An example (not covered in this tutorial) is ATARI from pixels, where the number of possible frames an agent can see is exponential in the number of pixels on the screen.

portfolio_view

But what we really want is just to be able to compute the Q-value, when fed with a particular \((\color{red}{s}, \color{blue}{a})\) pair. So if we had a way to get a function to do this work instead of keeping a big table, we’d get around this problem.

To address this, we can use function approximation as a way to generalize Q-values over some representation of the very large state space, and train them to output the values they should. In this section, we will explore \(\color{green}Q\)-learning with function approximation, which (although it has been theoretically proven to diverge for some degenerate MDPs) can yield impressive results in very large environments. In particular, we will look at Neural Fitted Q (NFQ) Iteration and Deep Q-Networks (DQN).

Section 1.1 Replay Buffers

An important property of off-policy methods like \(\color{green}Q\)-learning is that they involve two policies: one for exploration and one that is being optimized (via the \(\color{green}Q\)-function updates). This means that we can generate data from the behavior policy and insert that data into some form of data storage—usually referred to as replay.

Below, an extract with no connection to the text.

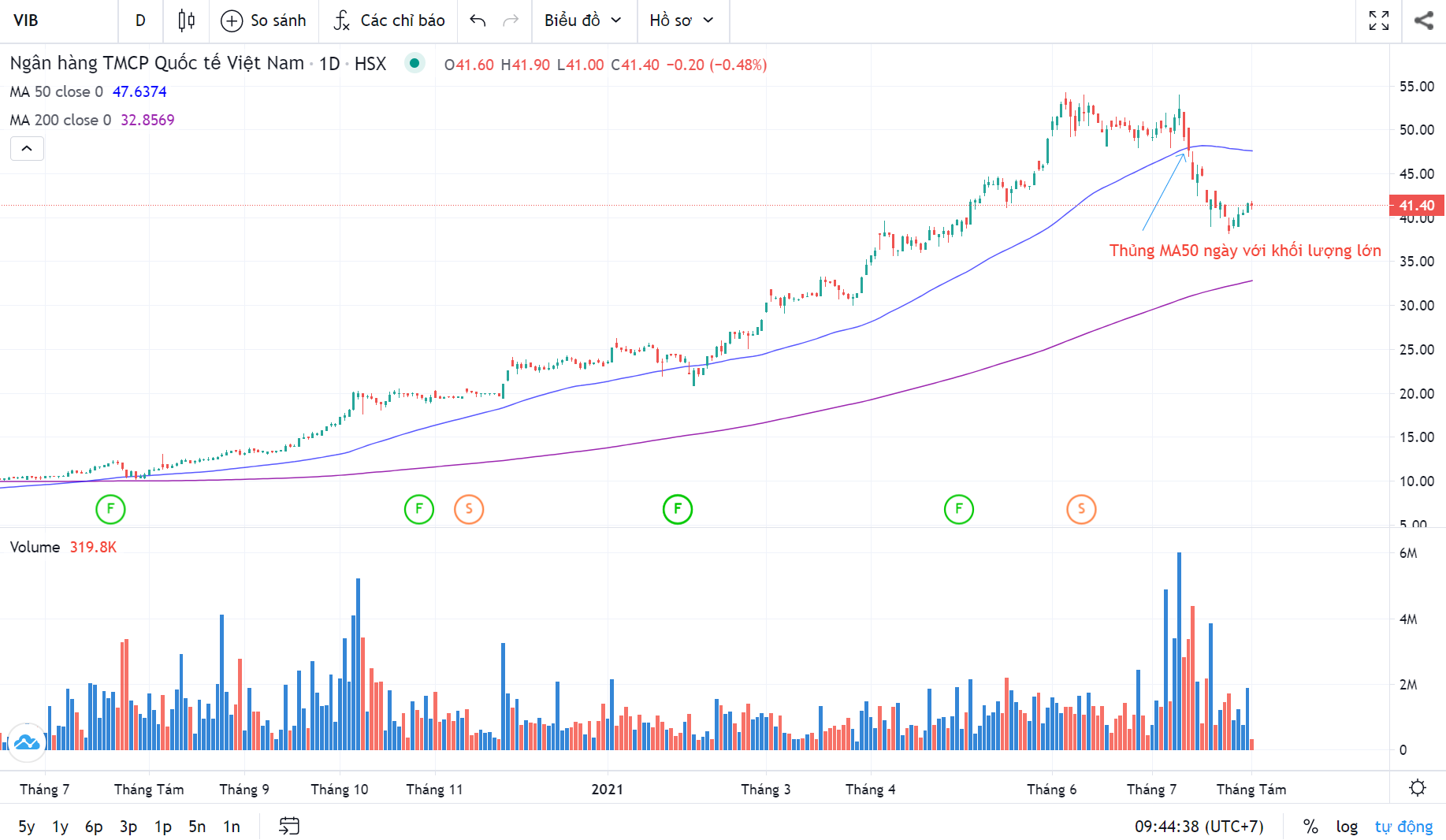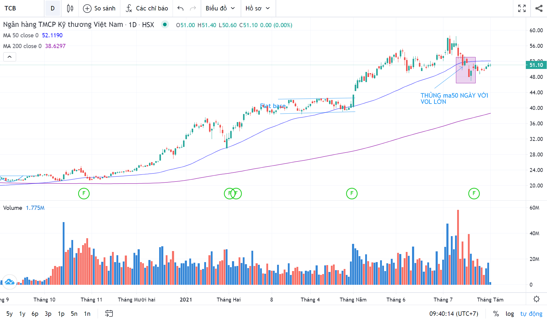 Tuy nhiên, TCB đang gãy xu hướng theo phương pháp đầu tư CANSLIM khi giá thủng MA50 ngày, lần đầu tiên kể từ chân sóng tháng 10 năm ngoái, đi kèm với khối lượng lớn. Đây là dấu hiệu chốt lãi theo phương pháp CANSLIM vì nó cho thấy dòng tiền thông minh đang rút khỏi TCB. Cổ phiếu TCB cũng đã có hai nền giá trước đó.

In order to optimize the \(\color{green}Q\)-function we can then sample data from the replay dataset and use that data to perform an update. An illustration of this learning loop is shown below.

In the next cell we will show how to implement a simple replay buffer. This can be as simple as a python list containing transition data. In more complicated scenarios we might want to have a more performance-tuned variant, we might have to be more concerned about how large replay is and what to do when its full, and we might want to sample from replay in different ways. But a simple python list can go a surprisingly long way.

# Simple replay buffer

# Create a convenient container for the SARSA tuples required by deep RL agents.
Transitions = collections.namedtuple(
    'Transitions', ['state', 'action', 'reward', 'discount', 'next_state'])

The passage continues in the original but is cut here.